Saudi Arabian low-cost carrier flynas reported a net loss of 714.6 million riyals ($190.5 million) for the first half of 2025, compared to a net profit of 388 million riyals ($103.5 million) a year earlier, driven by one-off expenses related to its initial public offering (IPO).
flynas disclosed the price range and launched its institutional book building for its IPO on May 12, 2025, with expectations to raise between 3.9bn riyals ($1.04bn) and 4.1bn riyals ($1.09bn), implying a market capitalisation of the company at listing ranging between 13bn riyals ($3.47bn) and 13.7bn riyals ($3.65bn).
The company said the loss was entirely due to non-recurring IPO-related charges of 1.08bn riyals ($288.0 million), including a 981.9 million riyals ($261.9 million) employee share-based payment and 101 million riyals ($26.9 million) in listing fees.
Both were fully funded by pre-IPO shareholders and had no impact on underlying performance.
Adjusted for these one-time items and excluding sale-and-leaseback (SLB) gains, flynas posted a first half adjusted net profit of 338.6 million riyals ($90.3 million), up 21.5% on the prior year.

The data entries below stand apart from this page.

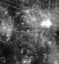 ![]() Mare Insularum, grænsende til kraterne Copernicus mod øst og Kepler mod vest. Oceanus Procellarum støder op til det mod sydvest. Den nordlige rand af Mare Cognitum ses i billedets bund, og Fra Mauro er det grå område nederst til højre. | |
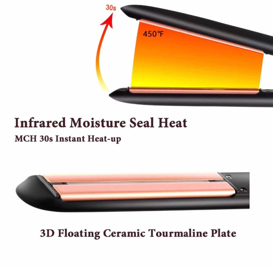 HFP Infrared Ionic Tourmaline Heat Protecting Flat Iron. The HFP Infrared Flat Iron produces negative ions and far infrared heat which eliminates frizz and adds shine while styling. Extra wide, 1” heat venting plates with a high gloss finish tourmaline ceramic, for effortless, perfectly smooth styling, on any type of hair. This tool will allow you to achieve faster results, lock in moisture and apply heat that is unbelievably kind to the hair shaft.
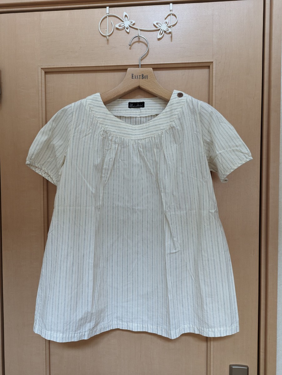 - サイズM☆レディース☆フェリシモ☆生成りストライプスモックシャツ☆肩ボタン☆送料込み
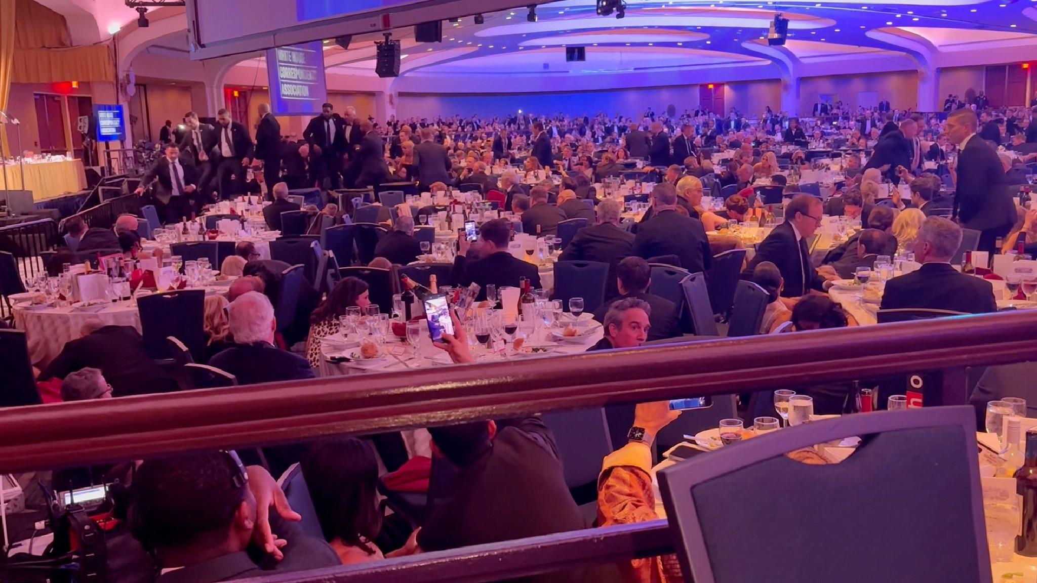 25日、トランプ米大統領が出席しワシントン市内で開かれた夕食会で、発砲音が響いた後、騒然とする会場。
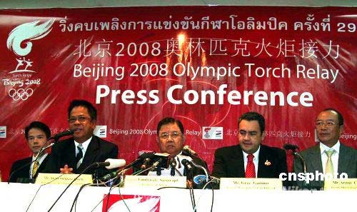 4月17日,泰國奧委會在國家體育館就奧運火炬?zhèn)鬟f活動舉行新聞發(fā)布會。泰國奧委會主席育塔薩先生(中)表示,曼谷為迎接北京奧運會圣火已經(jīng)做好一切準備。曼谷的火炬?zhèn)鬟f活動將在當?shù)貢r間19日下午三點開始。火炬將從曼谷唐人街——耀華叻路起跑,途經(jīng)富有泰國民族文化特色的地點,如大王宮、王家田廣場、民主紀念碑、五世王紀念廣場等,全程約10公里。 作者: 顧時宏
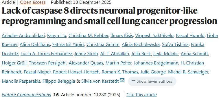 Ariadne Androulidaki et al, Lack of caspase 8 directs neuronal progenitor-like reprogramming and small cell lung cancer progression, Nature Communications (2025). DOI: 10.1038/s41467-025-67142-4.
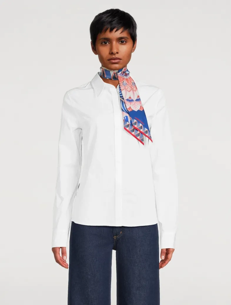 This bandeau scarf showcases the Giada print, combining butterfly and floral patterns with geometric elements on one side and flowing shapes with foliage on the other.
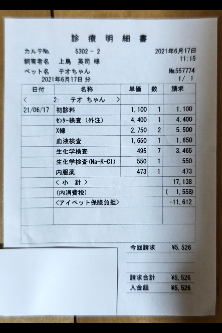 今日、通院している動物病院の院長先生から電話を頂き、先日の検査結果が出ました。

Adjusted EBITDA rose 18.5% to 1.35bn riyals ($359.1 million).
Revenue for the period rose 1.3% to 3.97bn riyals ($1.06bn), supported by strong Hajj-related traffic during the second quarter of the year.
The second quarter alone saw a 17.3% rise in revenue when compared to the first quarter to 2.14bn riyals ($570.8 million), despite a 1.5% decline due to early visa suspensions and regional instability.
flynas said its second quarter adjusted net profit stood at 190.7 million riyals ($50.9 million), down slightly from 195.7 million riyals ($52.2 million) last year, while adjusted EBITDA grew 16% to 735.9 million riyals ($195.9 million).